### Source data
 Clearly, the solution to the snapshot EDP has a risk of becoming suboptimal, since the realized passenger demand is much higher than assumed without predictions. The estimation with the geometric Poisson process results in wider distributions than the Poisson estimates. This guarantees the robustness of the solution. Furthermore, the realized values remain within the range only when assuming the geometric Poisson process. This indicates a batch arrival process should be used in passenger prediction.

==

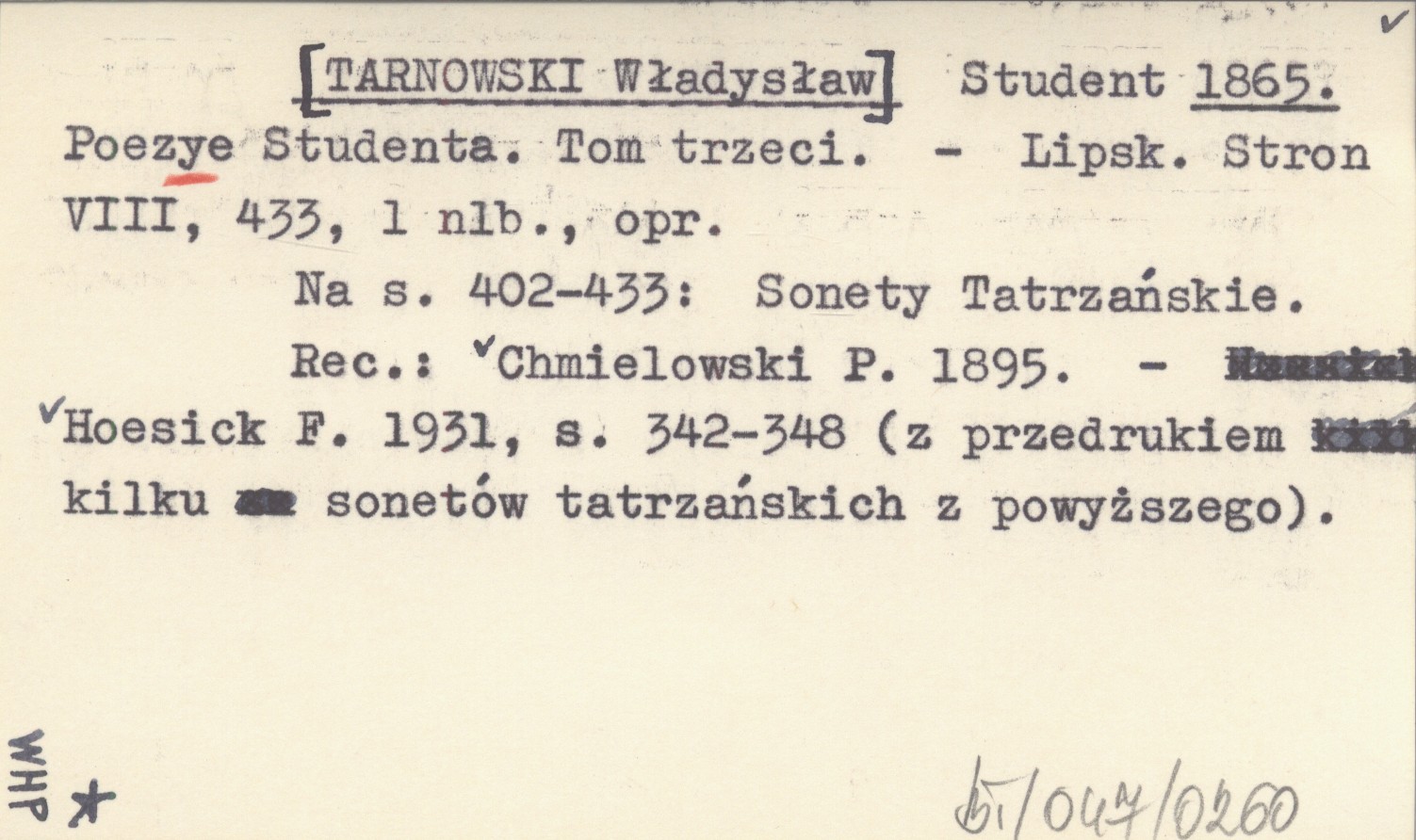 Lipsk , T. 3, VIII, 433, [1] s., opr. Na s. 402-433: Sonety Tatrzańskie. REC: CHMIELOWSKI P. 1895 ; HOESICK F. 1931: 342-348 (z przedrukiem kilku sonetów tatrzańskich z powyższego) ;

* * *

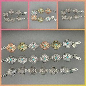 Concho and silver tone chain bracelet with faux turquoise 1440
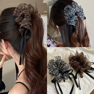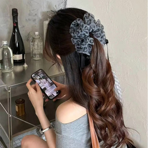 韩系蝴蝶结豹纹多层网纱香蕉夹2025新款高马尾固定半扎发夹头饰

### Your objective
Write out word for word the lines of the listing above from the line with "Concho and silver" to the line with "韩系蝴蝶结豹纹多层网纱香蕉夹2025新款高马尾固定半扎发夹头饰", taking in both of those lines but no pictures.

### Written answer
 Concho and silver tone chain bracelet with faux turquoise 1440
 韩系蝴蝶结豹纹多层网纱香蕉夹2025新款高马尾固定半扎发夹头饰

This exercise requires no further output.